Vamos olhar a evidência. No ano passado vimos uma onda sem precedentes de ataques contra a competência e caráter do presidente, grande parte deles emanando de fontes que normalmente não utilizariam esse tipo de táticas divisivas. Muitos jornais importantes publicaram editoriais que declararam ou implicaram que o presidente era desqualificado para ocupar o cargo. Alguns o descreveram como errático, inconsistente e impulsivo, um homem não-conformista que é incapaz de buscar ou considerar bons conselhos. Outros afirmam que ele está vinculado a interesses cujas identidades ainda não foram reveladas.
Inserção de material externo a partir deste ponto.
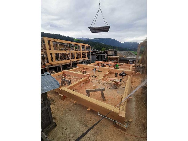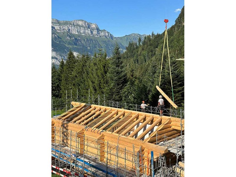 Im Februar 2023 hat man das Rundholz nach Gonten zur Brädäx GmbH transportiert und entrindet – mit Hochdruck, was nicht nur effizienter ist, als die Stämme von Hand zu schälen, sondern auch schonender für die Holzoberfläche. Danach wurde diese beim Abbund noch mit dem Zugmesser sauber geschält. Anschliessend ist jeder Stamm nummeriert und vermessen worden: Stock (Durchmesser unten am Stamm), Zopf (Durchmesser oben) und Länge. Dann folgte die Trocknungsphase, ehe im August 2023 mit dem Bau begonnen wurde.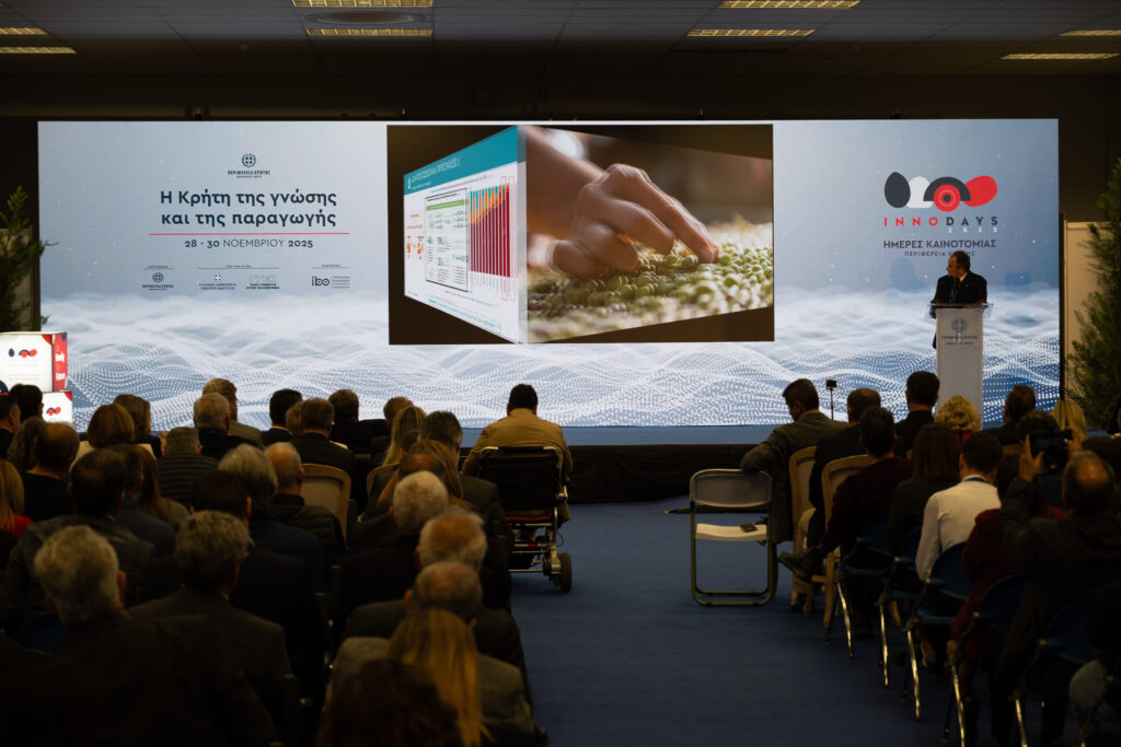 Το Πανεπιστήμιο Κρήτης ολοκληρώνει με θετικά αποτελέσματα τη συμμετοχή του στις Ημέρες Καινοτομίας Περιφέρειας Κρήτης – InnoDays 2025, που πραγματοποιήθηκαν από τις 28 έως 30 Νοεμβρίου στο Διεθνές Εκθεσιακό Κέντρο Κρήτης, στις Γούβες Ηρακλείου. Η έκθεση συγκέντρωσε φορείς της έρευνας, της τεχνολογίας και της επιχειρηματικότητας από ολόκληρη την Κρήτη, δημιουργώντας ένα περιβάλλον ανοιχτού διαλόγου και ανταλλαγής ιδεών.

Alguns até sugeriram que o egoísmo e latente paranoia dele o farão tomar decisões irracionais que poderão colocar em risco a segurança dos Estados Unidos.

Além de tudo isto, dois livros já foram publicados sobre sua presidência que fortemente reforçam muitas das preocupações expressas pelos editorialistas. Ambos os livros receberam muita atenção na mídia. Isto fez crescer a crença do presidente que seus inimigos estão conspirando contra ele e que não hesitarão diante de nada no objetivo de derrubá-lo.

Ambos os livros trabalham com base no princípio que, se somente uma pequena fração das acusasões forem verdadeiras, o presidente é desqualificado para o cargo e o país está caminhando rumo ao desastre. Em Fire and Fury, o autor Wolff examina principalmente a jornada improvável que levou Trump a triunfar nas eleições, enquanto que o autor Woodward — que escolheu um título muito desconcertante para seu livro de advertência (Fear, ou Temor) — baseia-se principalmente nas visões e opiniões daqueles que já trabalharam (ou ainda trabalham) de perto com o presidente na Casa Branca.

Além de tudo isto, temos uma investigação em andamento no Congresso, chefiada por Robert Mueller, para saber se a Rússia ou outras potências estrangeiras interferiram na eleição presidencial de 2016, com o propósito de garantir a eleição de Trump. Isto também é calculado para explorar a paranoia do presidente.

Um Ataque Absolutamente Sem Precedentes

Um ataque recente foi sem precendentes. Quando o jornal The New York Times publicou uma matéria anônima, em 5 de setembro de 2018, com o título "Faço Parte da Resistência Dentro do Governo Trump", estava plenamente ciente da gravidade do passo que estava dando. Quando um dos jornais mais influentes do país alveja um presidente em exercício deste modo, e faz isso anonimamente, podemos ter certeza que a Elite está preparando (e condicionando) o público para esperar algo desagradável. O jornal declarou: "Acreditamos que publicar este ensaio anonimamente é o único modo de apresentar uma importante perspectiva aos nossos leitores."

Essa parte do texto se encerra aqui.